Updated March 05, 2024

An Ohio estate planning checklist is a guide that can help individuals as they prepare their estate for death, unforeseen medical conditions, and extended absences. The instructions begin by explaining the use of the Durable Power of Attorney for Health Care and Durable (Financial) Power of Attorney forms. Both documents designate agents to act on behalf of another party when they’re incapable of making decisions on their own. The checklist also covers how to make an estate distribution document (Last Will and Testament or Living Trust).

How to Create an Estate Plan in Ohio (6 steps)

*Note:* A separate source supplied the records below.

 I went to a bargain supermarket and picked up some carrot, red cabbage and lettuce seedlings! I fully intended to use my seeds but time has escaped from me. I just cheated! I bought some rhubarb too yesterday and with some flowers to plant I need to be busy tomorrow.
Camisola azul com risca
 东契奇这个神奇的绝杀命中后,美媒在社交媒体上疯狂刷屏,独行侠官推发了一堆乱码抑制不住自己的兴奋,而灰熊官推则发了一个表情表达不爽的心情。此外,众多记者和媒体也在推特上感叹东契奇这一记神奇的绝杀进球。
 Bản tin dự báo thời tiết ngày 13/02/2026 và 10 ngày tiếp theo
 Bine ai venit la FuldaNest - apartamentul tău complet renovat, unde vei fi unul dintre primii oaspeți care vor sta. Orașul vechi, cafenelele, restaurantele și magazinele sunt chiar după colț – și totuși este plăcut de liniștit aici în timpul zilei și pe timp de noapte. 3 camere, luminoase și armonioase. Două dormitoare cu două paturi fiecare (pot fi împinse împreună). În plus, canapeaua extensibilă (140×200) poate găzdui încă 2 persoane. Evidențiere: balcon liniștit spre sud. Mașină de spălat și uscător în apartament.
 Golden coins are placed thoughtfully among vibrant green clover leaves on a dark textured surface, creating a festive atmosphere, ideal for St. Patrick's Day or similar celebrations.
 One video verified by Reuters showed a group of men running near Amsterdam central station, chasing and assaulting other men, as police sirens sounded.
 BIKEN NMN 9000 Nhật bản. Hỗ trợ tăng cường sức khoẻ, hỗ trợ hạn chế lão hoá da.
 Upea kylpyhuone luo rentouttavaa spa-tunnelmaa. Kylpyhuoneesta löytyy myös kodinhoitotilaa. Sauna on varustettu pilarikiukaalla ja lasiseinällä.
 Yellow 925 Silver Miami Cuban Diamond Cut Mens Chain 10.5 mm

  1. Appoint a Health Care Agent
  2. Appoint a Financial Agent
  3. Create a List of Current Assets
  4. Decide Who the Beneficiaries Are
  5. Make an Estate Distribution Form
  6. Find a Secure Location to Store the Estate Documents

This guide will help Ohio residents establish a plan that describes how their finances and health care should be administered while they are incapacitated or disabled. In addition, the guide will explain how to create a document that identifies the beneficiaries of an estate and indicates how assets will be divided between each party.

1. Appoint a Health Care Agent

health care agent is an individual who acts on behalf of the estate owner (a.k.a. the principal) and communicates their medical preferences when they’re unable to make competent decisions. Selecting a health care agent can be achieved by completing a Power of Attorney document. The appointed agent will have the capacity to make decisions concerning life support, cardiopulmonary resuscitation (CPR), and other life-prolonging treatments.

Durable Power of Attorney for Health Care – Gives an individual the legal capacity to make health-related decisions for the principal while they are unable to communicate. Executing this document is a precautionary measure often applied to individuals going into surgery or experiencing end-of-life medical conditions.

  • Signing Requirements – Must be signed by the principal and either:
    • Witnessed by two (2) or more disinterested adults who are not related to the principal by marriage, blood, or adoption; or
    • Acknowledged by the principal before a notary public.[1]

2. Appoint a Financial Agent

The principal will need to nominate someone to serve as their financial agent. This individual will be responsible for maintaining the principal’s finances while they are mentally incapacitated or disabled. The agent’s duties may vary but will generally involve paying bills, conducting business transactions, managing real property, and overseeing financial accounts.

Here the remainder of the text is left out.